## Work order:
From the entries below, output the line with "本作品内容为鎏金山水意境新中式雅致中国风背景, 格式为 psd, 大小126" and each following line up to and including the line with "Escritorio vintage de", exactly as written.

## Data:
● ● ● ● ● ● ●

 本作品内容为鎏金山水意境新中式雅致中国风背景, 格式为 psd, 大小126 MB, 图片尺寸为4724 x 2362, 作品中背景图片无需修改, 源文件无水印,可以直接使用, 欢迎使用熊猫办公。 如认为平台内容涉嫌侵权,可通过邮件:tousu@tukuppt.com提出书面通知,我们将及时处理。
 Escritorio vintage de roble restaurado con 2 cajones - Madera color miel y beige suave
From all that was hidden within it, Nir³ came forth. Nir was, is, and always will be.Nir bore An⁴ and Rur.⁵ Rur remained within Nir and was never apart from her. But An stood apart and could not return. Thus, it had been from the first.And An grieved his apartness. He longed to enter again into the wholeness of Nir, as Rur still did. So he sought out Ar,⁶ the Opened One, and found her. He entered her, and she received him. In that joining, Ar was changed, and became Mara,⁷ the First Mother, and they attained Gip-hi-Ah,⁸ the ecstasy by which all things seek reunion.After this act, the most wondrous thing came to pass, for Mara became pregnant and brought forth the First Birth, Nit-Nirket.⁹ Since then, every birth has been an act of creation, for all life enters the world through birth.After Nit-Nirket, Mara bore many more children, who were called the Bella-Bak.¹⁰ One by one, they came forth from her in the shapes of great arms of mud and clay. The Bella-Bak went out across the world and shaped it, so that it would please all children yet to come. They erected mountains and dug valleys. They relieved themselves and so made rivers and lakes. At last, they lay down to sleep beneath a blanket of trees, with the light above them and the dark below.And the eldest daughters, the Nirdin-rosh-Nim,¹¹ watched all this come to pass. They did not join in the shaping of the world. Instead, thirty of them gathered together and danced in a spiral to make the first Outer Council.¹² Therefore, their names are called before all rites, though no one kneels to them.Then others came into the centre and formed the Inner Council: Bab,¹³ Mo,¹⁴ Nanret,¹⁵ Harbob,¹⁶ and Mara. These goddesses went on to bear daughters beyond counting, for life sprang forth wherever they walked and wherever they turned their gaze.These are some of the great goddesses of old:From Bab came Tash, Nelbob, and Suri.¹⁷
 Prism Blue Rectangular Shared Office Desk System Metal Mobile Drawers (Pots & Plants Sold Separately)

● ● ● ● ● ● ●

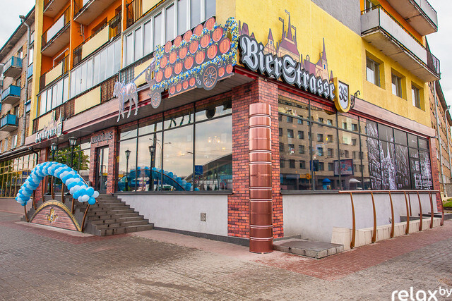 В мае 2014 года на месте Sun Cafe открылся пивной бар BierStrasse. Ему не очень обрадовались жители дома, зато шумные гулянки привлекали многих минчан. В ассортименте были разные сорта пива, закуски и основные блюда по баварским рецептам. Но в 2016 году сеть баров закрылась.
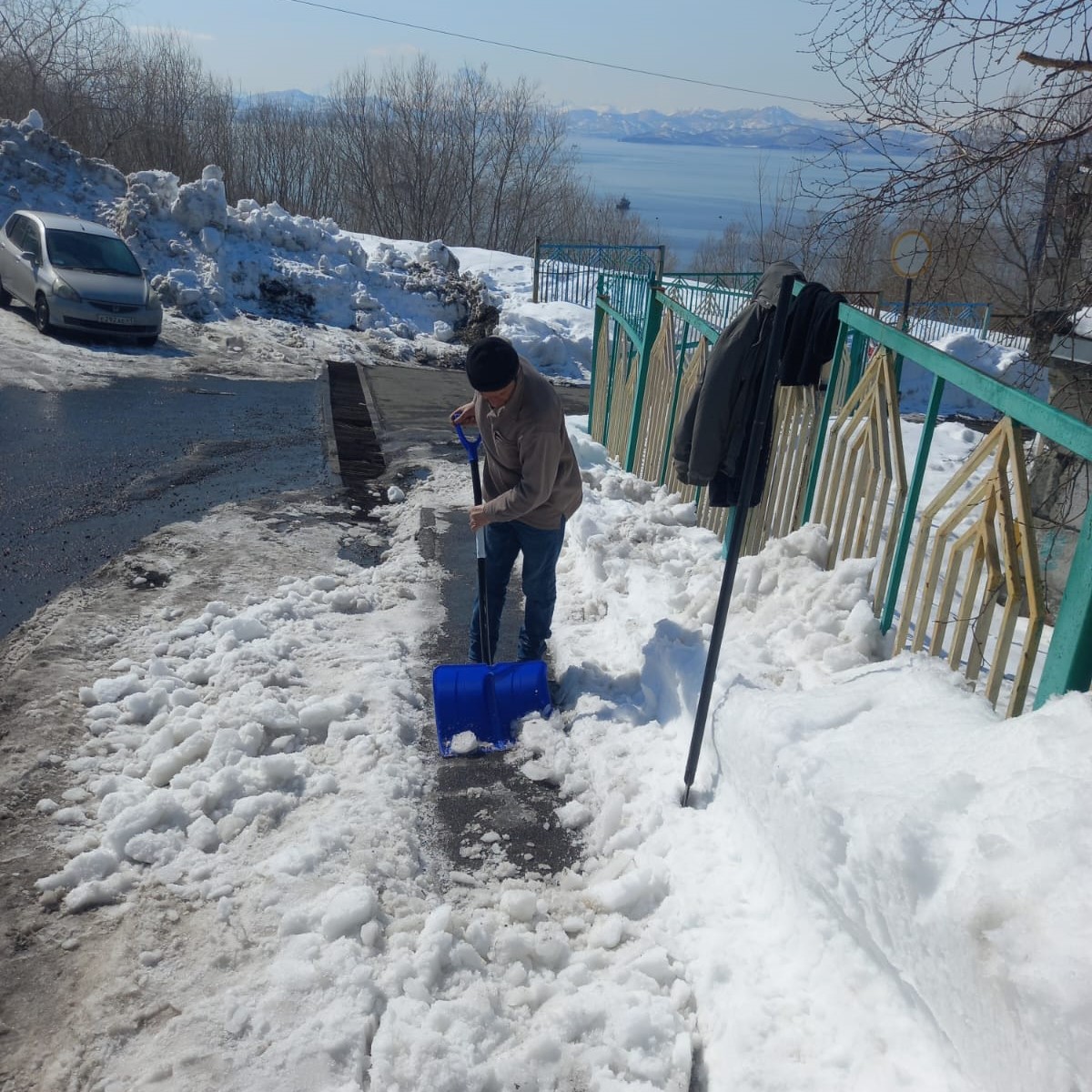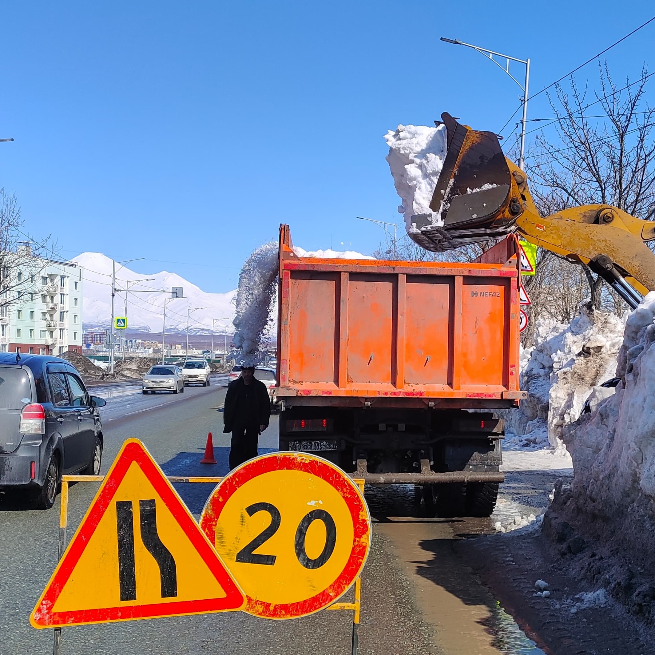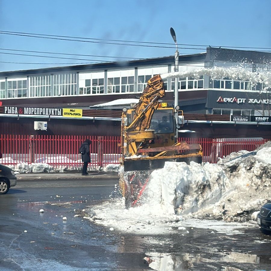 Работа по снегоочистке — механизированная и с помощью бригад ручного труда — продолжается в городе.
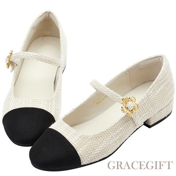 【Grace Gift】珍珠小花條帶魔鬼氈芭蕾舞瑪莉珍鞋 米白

● ● ● ● ● ● ●

## Answer space:
 本作品内容为鎏金山水意境新中式雅致中国风背景, 格式为 psd, 大小126 MB, 图片尺寸为4724 x 2362, 作品中背景图片无需修改, 源文件无水印,可以直接使用, 欢迎使用熊猫办公。 如认为平台内容涉嫌侵权,可通过邮件:tousu@tukuppt.com提出书面通知,我们将及时处理。
 Escritorio vintage de roble restaurado con 2 cajones - Madera color miel y beige suave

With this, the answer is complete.